Чего, глупый, не делает предложения? Тогда целуй как угодно! Она пойдет замуж, хотя и фамилия «мовежанрная», и вульгарное лицо, и лысина, и прыщи на щеках, и рост очень маленький… Но зато он добрый, и у него дом в Петербурге… Неужели он будет только целовать руки и не сделает предложения только потому, что она благодаря отцу не имеет приданого. Или он узнал, что она занимается флиртом с другим, который ей нравится?

Так что же он, дурак, медлит?

Недовольная гримаска сменяет улыбку, и длинные тонкие пальцы капризно мнут хлебный катышек. Она сердита на отца, который не заботится о дочери. Должно же быть у всякой порядочной девушки приданое. Отец просто-таки не любит ее… Ничего для нее не делает!

Но через секунду-другую беззаботно-веселое выражение снова озаряет ее личико. О, она знает, что нужно сделать — она поступит на сцену. Все говорят, что у нее талант. Один папа нарочно не признает… Он увидит, какой будет успех… А со сцены можно сделать хорошую партию…

Гимназист Сережа, с неуклюже вытянутой фигурой тринадцатилетнего подростка, с испачканными чернилами пальцами и вихорком, торчавшим на голове, съевши в два глотка неочищенную грушу и пожалевши, что нельзя съесть еще по меньшей мере десятка, тотчас же, с разрешения матери, сорвался с места и с озабоченным видом вышел из столовой.

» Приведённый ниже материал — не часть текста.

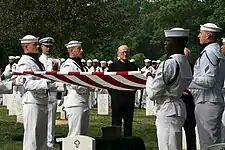 The flag of the United States draped over the casket is meticulously folded thirteen times by a total of six honor guards, three on each side of the casket. When the flag is completely folded, the stars point upwards, which remind Americans of their national motto, In God We Trust.[5][6][7] After the flag is completely folded and tucked in, it takes on the appearance of a tricorne hat, reminding Americans of the soldiers who served under General George Washington, and the sailors and Marines who served under Captain John Paul Jones, who were followed by their comrades and shipmates in the United States Armed Forces.[5][6][7]

Ему было не до родительской перебранки, к которой он относился с презрительным недоумением, так как у него было дело несравненно важней: надо было готовить уроки.

«Заставили бы их зубрить, небось бросили бы ругаться!» — высокомерно подумал гимназист и, собравши книги и тетрадки, засел за них в комнате матери и, заткнувши уши пальцами, стал долбить, с добросовестностью первого ученика в классе, урок из географии.

II

Ордынцев собирался было встать из-за стола, как жена с едва слышной тревогой в голосе, но, по-видимому, довольно добродушно спросила:

— Верно, у тебя опять вышла какая-нибудь история с Гобзиным?

«Уж струсила!» — подумал Ордынцев, и сам вдруг, при виде семьи, струсил.

— Никакой особенной истории! — умышленно небрежным тоном ответил Ордынцев. — Гобзин хотел было без всякой причины уволить одного моего подчиненного… Андреева…

— И ты, разумеется, счел долгом излить потоки своего благородного негодования? — перебила жена, презрительно усмехнувшись.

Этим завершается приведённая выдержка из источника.